147 return ApdbCassandraTableData(colnames, rows)
148
149

◆ select_concurrent()

pandas.DataFrame | ApdbCassandraTableData | list lsst.dax.apdb.cassandra.cassandra_utils.select_concurrent ( Session session,
list[tuple] statements,
str execution_profile,
int concurrency )
Execute bunch of queries concurrently and merge their results into
a single result.

Parameters
----------
statements : `list` [ `tuple` ]
    List of statements and their parameters, passed directly to
    ``execute_concurrent()``.
execution_profile : `str`
    Execution profile name.

Returns
-------
result
    Combined result of multiple statements, type of the result depends on
    specific row factory defined in execution profile. If row factory is
    `pandas_dataframe_factory` then pandas DataFrame is created from a
    combined result. If row factory is `raw_data_factory` then
    `ApdbCassandraTableData` is built from all records. Otherwise a list of
    rows is returned, type of each row is determined by the row factory.

Notes
-----
This method can raise any exception that is raised by one of the provided
statements.

Definition at line 150 of file cassandra_utils.py.
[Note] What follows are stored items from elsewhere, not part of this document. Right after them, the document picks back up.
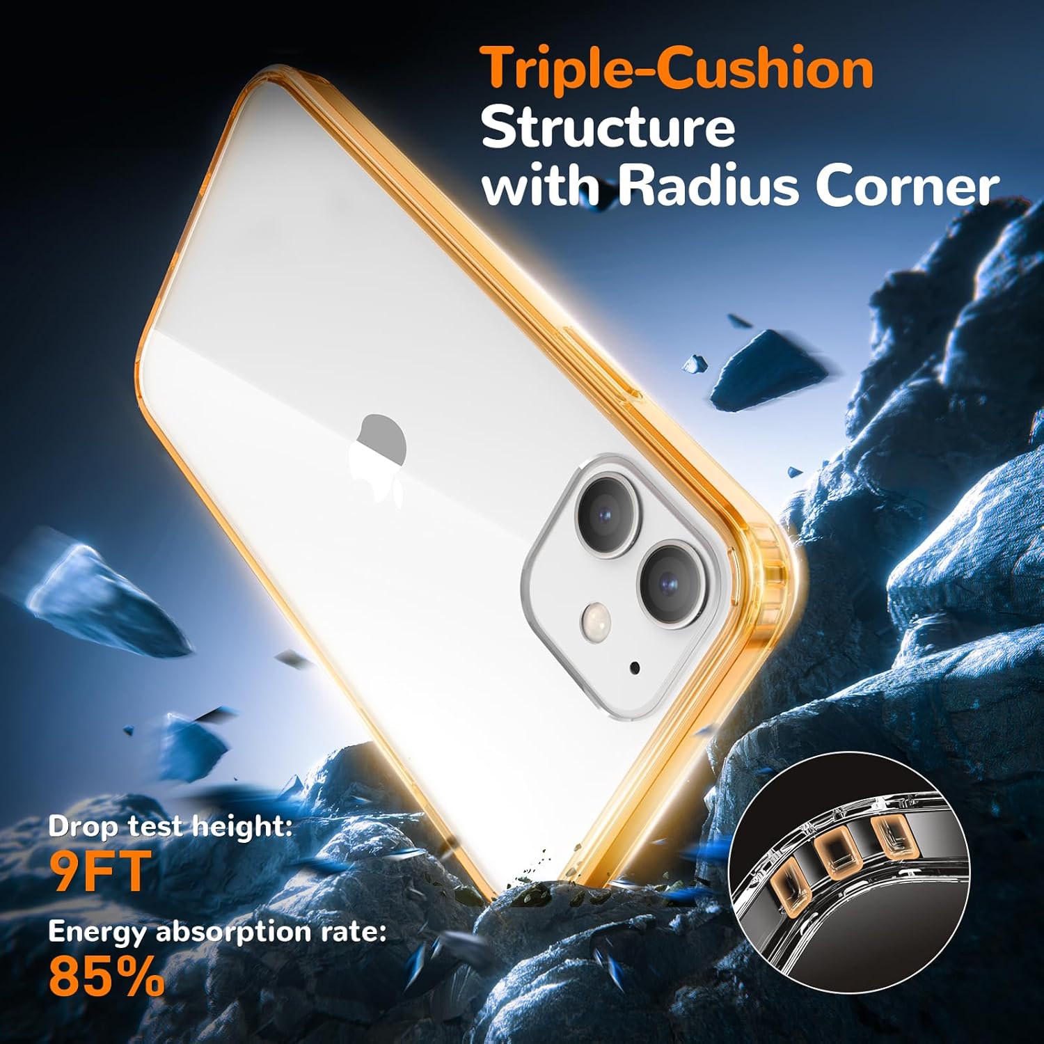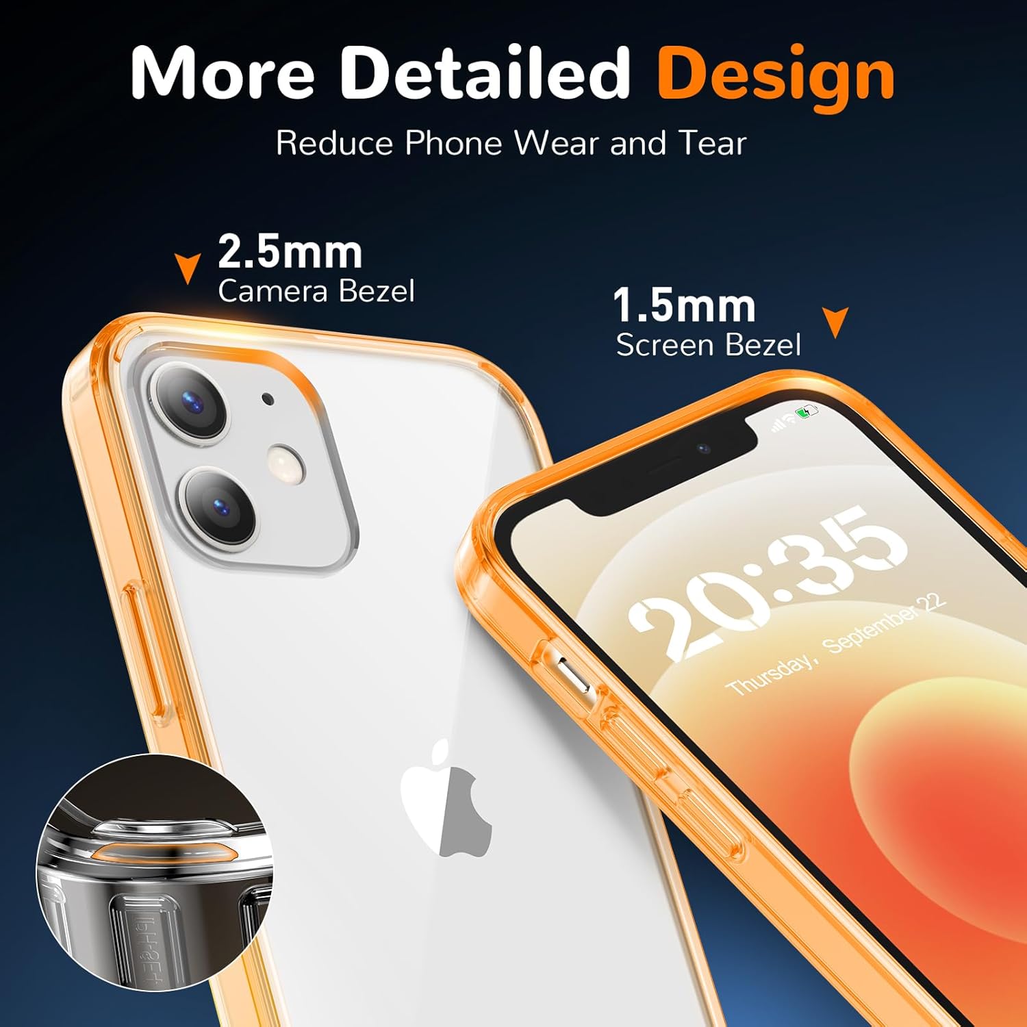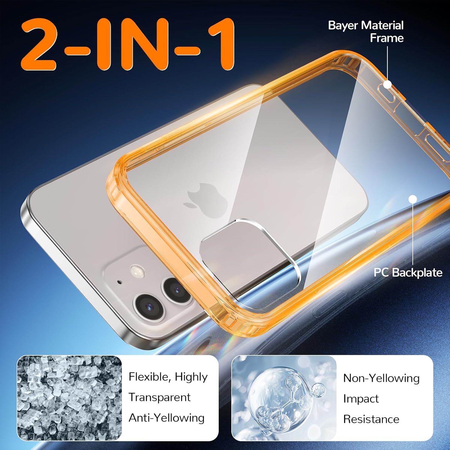 Кейс за iPhone 12/12 Pro, Прозрачен калъф за мобилен телефон с анти-пожълтяване, Удароустойчив защитен калъф, Висококачествен калъф, устойчив на надраскване, за iPhone 12/12 Pro - Оранжев
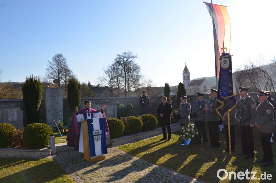 Für die jüngere Generation rücke dieser Gedenktag genau 100 Jahre nach Ende des ersten Weltkrieges in immer größere Ferne. Vorausgegangen waren bereits ein Kirchenzug zur Pfarrkirche St. Nikolaus, ein Rosenkranz für Verstorbene, Gefallene und Vermisste und eine Messfeier. Unter den Klängen der Blaskapelle Auerbachtal formierte sich der Zug mit der Soldaten- und Kriegerkameradschaft (SKK) Auerbachtal an der Spitze zum Friedhof. Neben der SKK beteiligten sich auch die Feuerwehren aus Unterauerbach und Mitter-/Oberauerbach und zahlreiche Pfarrangehörige. Pater Binu erinnerte in seiner Ansprache daran, dass viele junge Menschen in den sinnlosen Kriegen ihr Leben lassen mussten und betete für sie. Bürgermeister Hans Gradl wies auf die Bedeutung des Volkstrauertages hin, und sein Stellvertreter Franz Grabinger gedachte namentlich der Opfer der beiden Kriege aus dem Auerbachtal. Zusammen mit SKK-Vorsitzendem Georg Fischer legten die beiden Bürgermeister am Ende einen Kranz nieder, bevor das Lied vom Kameraden und Böllerschüsse die Veranstaltung beendeten.
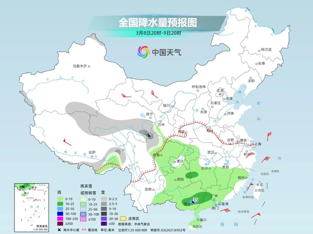 今天晚上,新一轮降水将从西南地区东部发展起来,明后两天,江南大部等地也将加入降水的行列之中,预计广西中东部、广东中北部、湖南中南部、江西中南部、福建西部等地将会有中到大雨天气,广西东部、广东西北部等地部分地区还可能出现暴雨,部分地区还会伴随对流天气。
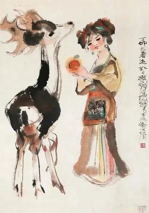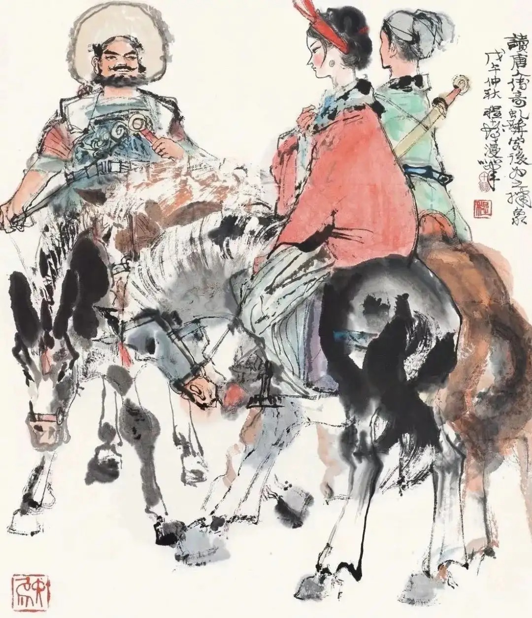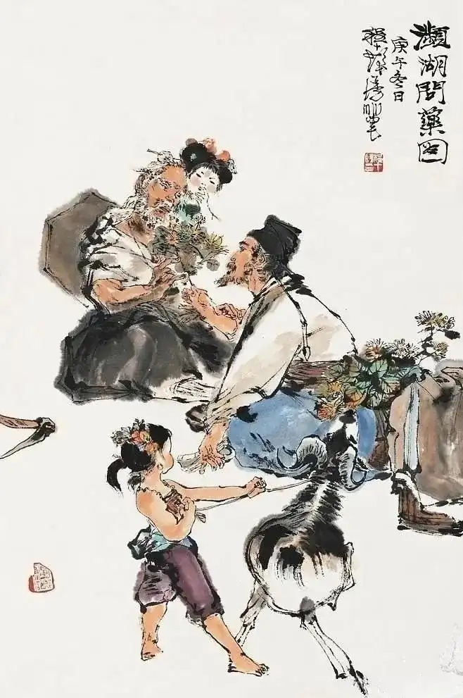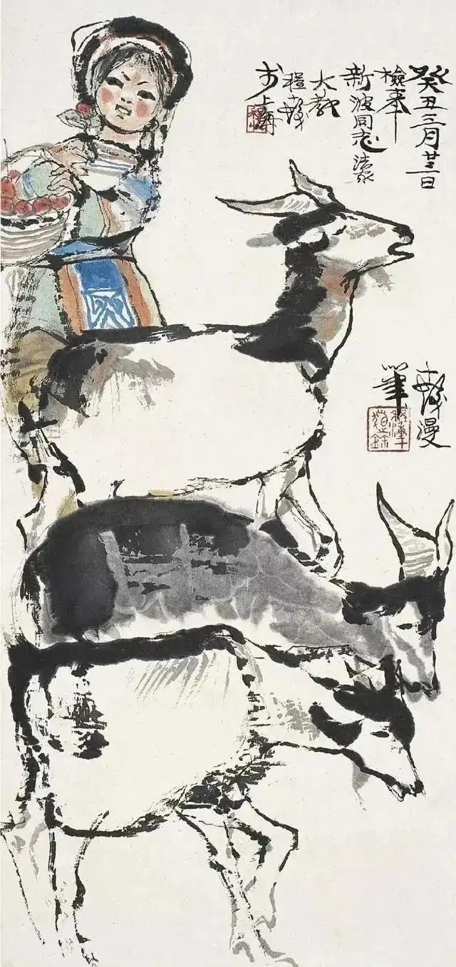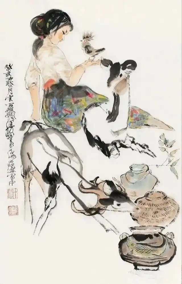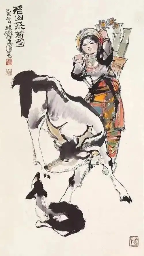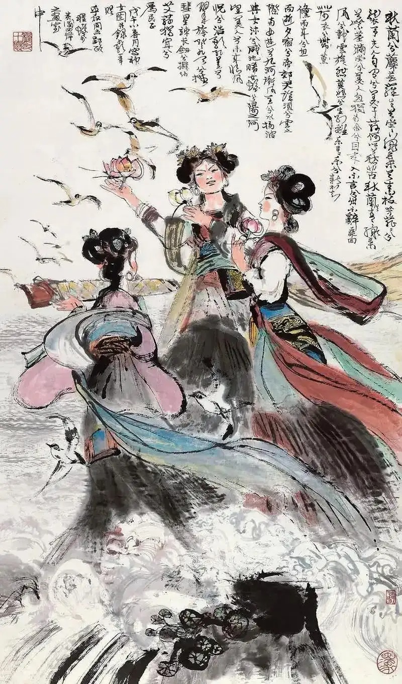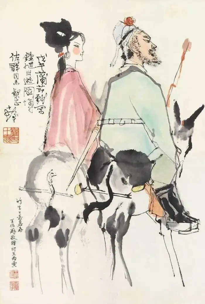 程十发(1921-2007),中国近现代美术史上独树一帜的艺术大师,其人物画以灵动飘逸的线条、明快鲜活的色彩和充满生命力的艺术表达,成为二十世纪中国画转型的重要标志。本文精选其100幅经典人物画作,带您走进这位海派艺术巨匠的笔墨世界。程十发笔下的少数民族形象,打破了传统工笔的拘谨,以写意线条勾勒出西南边陲的浪漫风情。《傣族少女》中,少女身姿如风中细柳,简练的墨色长裙与朱砂点缀的头饰形成鲜明对比,传递出热带雨林的生机;《高原之春》里藏族少女的羊皮袄以枯笔皴擦出粗犷质感,面颊的胭脂色却透出江南水乡的温婉,这正是画家'以线造型,以色传情'理念的完美诠释。在《芦笙舞》三联画中,画家大胆采用俯瞰视角,将苗家儿女的舞动身姿转化为流动的线条符号,笙管与裙摆的弧线相互呼应,构成视觉的交响乐。而《火把节》则运用泼墨技法渲染夜色,跳跃的橙色火光照亮彝族汉子的轮廓,展现出原始生命的张力。程十发对传统题材的再造令人耳目一新。《李太白醉酒图》突破历代白描范式,以倾斜构图表现诗仙的醉态,袍服上的飞白笔触仿佛带着酒香墨气;《钟馗夜巡图》中的捉鬼天师不再怒目圆睁,微醺的神态与蜷缩的小鬼构成戏剧性画面,透出画家对民间传说的幽默解读。《红楼十二钗》系列堪称文人画现代转型的典范。史湘云醉卧芍药裀的场景,花瓣以没骨法点染,人物衣纹却融入书法飞白笔意,传统工笔与写意的界限在此消弭。黛玉葬花的背影处理更具深意,大面积留白中仅以飘落的桃花暗示泪痕,开创了'以虚写哀'的新境。在现实题材创作中,程十发展现出艺术家的人文关怀。《采药姑娘》以赭石与花青的撞色表现山间晨雾,少女背篓中的草药以篆书笔法写出,将劳动之美提升至美学境界;《渔村新事》采用连环画式构图,渔民们修理渔网的动态通过衣纹走向自然串联,眼角笑纹的微妙刻画胜过千言万语。《茶馆记事》四条屏堪称市井生活百科全书,老茶客的紫砂壶、说书人的折扇、孩童手中的糖画,每个细节都是时代印记。画家独创的'游丝描'在此臻于化境,细若发丝的线条勾勒出百态人生,让水墨画拥有了油画的叙事容量。晚年的程十发开启更具突破性的艺术实验。《敦煌飞天变奏曲》将壁画元素解构重组,菩萨衣带化作几何色块,却通过墨色浓淡保持东方韵味;《马戏团》系列借鉴立体主义手法,小丑的服装碎片化处理中仍可见书法运笔的节奏。在《自画像》中,画家以朱砂勾勒面部轮廓,背景的西洋红与群青碰撞出超现实意境,题跋'我与我周旋久,宁作我'的碑体书法,完成传统文人画精神内核的现代转译。这种'借西润中'的探索,为水墨人物画开辟了新航道。从雪域高原到江南水乡,从历史长河到烟火人间,程十发用100幅画作构建起一个贯通古今的艺术宇宙。他的笔墨既是传统的守护者,又是创新的破壁人,那些舞动的线条与跳跃的色彩,至今仍在诉说着'笔墨当随时代'的真谛。当我们驻足这些画作前,不仅能看见人物形象的生动气韵,更能触摸到一个时代文化转型的脉搏跳动。
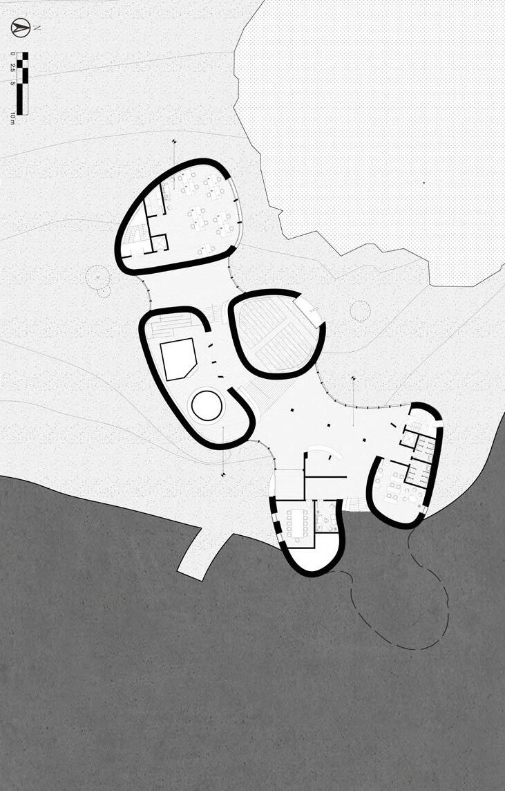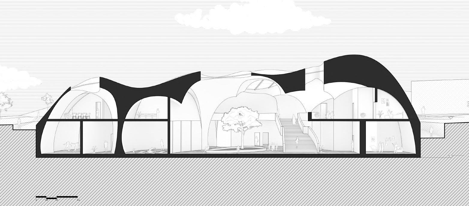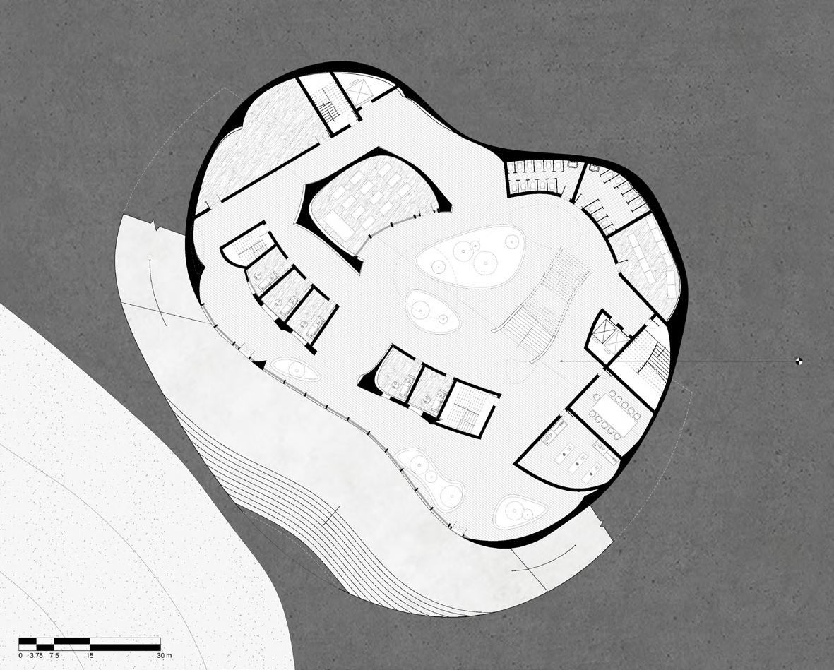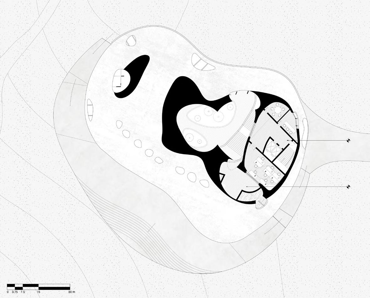2. Due to the lack of space to set up sufficient functions, two metres were dug down inside the building.
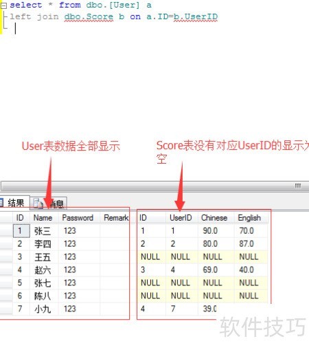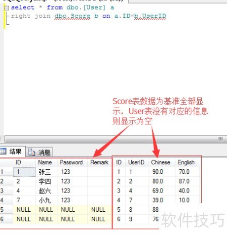 4、 使用User表右连接Score表编写查询语句,结果包含Score表的所有数据。当User表中没有与Score表对应的UserID时,User表相关字段显示为空值。具体效果所示。
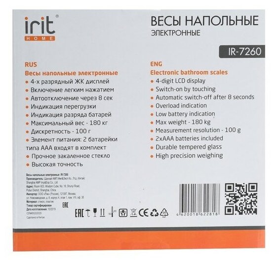 Весы бытовые напольные IRIT-7260 до 180кг d 100г интересное:
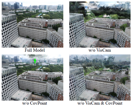 그림 6과 표 3에 나타난 바와 같이, 가시성 기반 카메라 선택 (VisCam)과 커버리지 기반 포인트 선택 (CovPoint) 모두 시각적 품질을 향상시킬 수 있습니다.
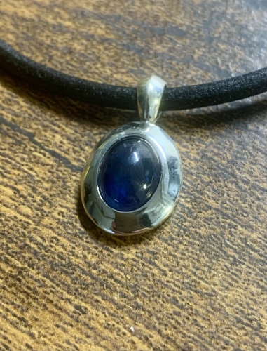 また、革紐の質感に合わせてエンドパーツを制作。身に着けたときはほぼ黒い石に見え、光にかざすとブルーがわかる感じに仕上げました。気に入って頂いたようでうれしい嬉しい限りです。
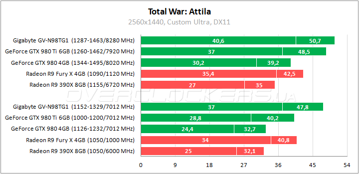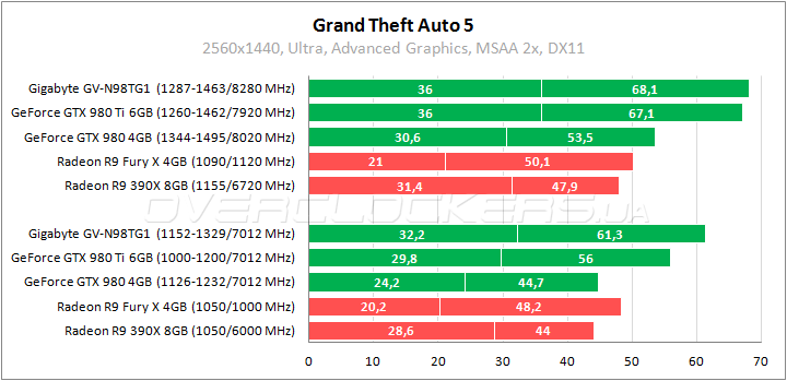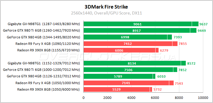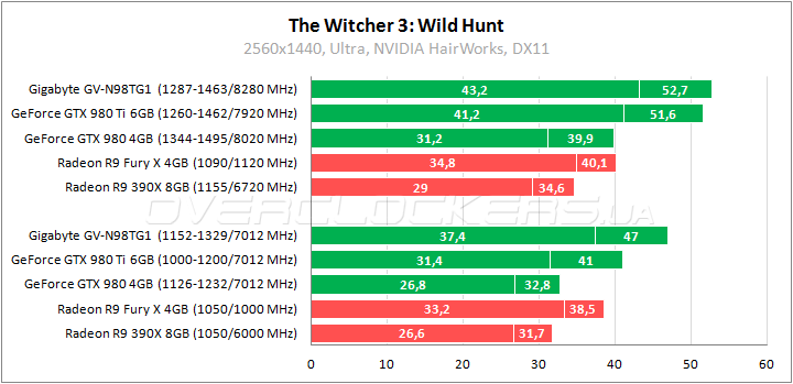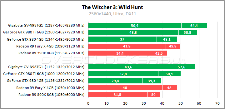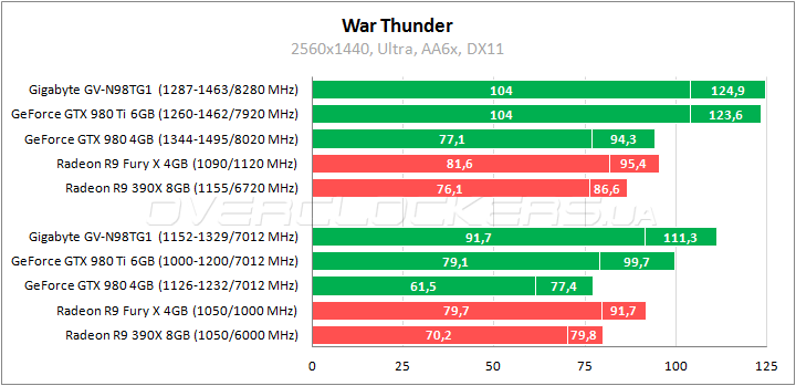 Radeon R9 Fury X уже наступает на пятки обычной версии GeForce GTX 980 Ti, но ничего не может противопоставить Gigabyte. Последний быстрее на 12–14%, с разгоном ускоряясь еще на 11%.

152) -> pandas.DataFrame | ApdbCassandraTableData | list:
153 """Execute bunch of queries concurrently and merge their results into
154 a single result.
155
156 Parameters
157 ----------
158 statements : `list` [ `tuple` ]
159 List of statements and their parameters, passed directly to
160 ``execute_concurrent()``.
161 execution_profile : `str`
162 Execution profile name.
163
164 Returns
165 -------
166 result
167 Combined result of multiple statements, type of the result depends on
168 specific row factory defined in execution profile. If row factory is
169 `pandas_dataframe_factory` then pandas DataFrame is created from a
170 combined result. If row factory is `raw_data_factory` then
171 `ApdbCassandraTableData` is built from all records. Otherwise a list of
172 rows is returned, type of each row is determined by the row factory.
173
174 Notes
175 -----
176 This method can raise any exception that is raised by one of the provided
177 statements.
178 """
179 results = execute_concurrent(
180 session,
181 statements,
182 results_generator=True,
183 raise_on_first_error=False,
184 concurrency=concurrency,
185 execution_profile=execution_profile,
186 )
187
188 ep = session.get_execution_profile(execution_profile)
189 if ep.row_factory is raw_data_factory:
190 # Collect rows into a single list and build Dataframe out of that
191 _LOG.debug("making raw data out of rows/columns")
192 table_data: ApdbCassandraTableData | None = None
193 for success, result in results:
194 if success:
195 data = result._current_rows
196 assert isinstance(data, ApdbCassandraTableData)
197 if table_data is None:
198 table_data = data
199 else:
200 table_data.append(data)
201 else:
202 _LOG.error("error returned by query: %s", result)
203 raise result
204 if table_data is None:
205 table_data = ApdbCassandraTableData([], [])
206 return table_data
207
208 elif ep.row_factory is pandas_dataframe_factory:
209 # Merge multiple DataFrames into one
210 _LOG.debug("making pandas data frame out of set of data frames")
211 dataframes = []
212 for success, result in results:
213 if success:
214 dataframes.append(result._current_rows)
215 else:
216 _LOG.error("error returned by query: %s", result)
217 raise result
218 # Concatenate all frames, but skip empty ones.
219 non_empty = [df for df in dataframes if not df.empty]
220 if not non_empty:
221 # If all frames are empty, return the first one.
222 catalog = dataframes[0]
223 elif len(non_empty) == 1:
224 catalog = non_empty[0]
225 else:
226 catalog = pandas.concat(non_empty)
227 _LOG.debug("pandas catalog shape: %s", catalog.shape)
228 return catalog
229
230 else:
231 # Just concatenate all rows into a single collection.
232 rows = []
233 for success, result in results:
234 if success:
235 rows.extend(result)
236 else:
237 _LOG.error("error returned by query: %s", result)
238 raise result
239 _LOG.debug("number of rows: %s", len(rows))
240 return rows
241
242

Variable Documentation

◆ _LOG

lsst.dax.apdb.cassandra.cassandra_utils._LOG = logging.getLogger(__name__)
protected

Definition at line 56 of file cassandra_utils.py.

◆ CASSANDRA_IMPORTED

bool lsst.dax.apdb.cassandra.cassandra_utils.CASSANDRA_IMPORTED = True

Definition at line 50 of file cassandra_utils.py.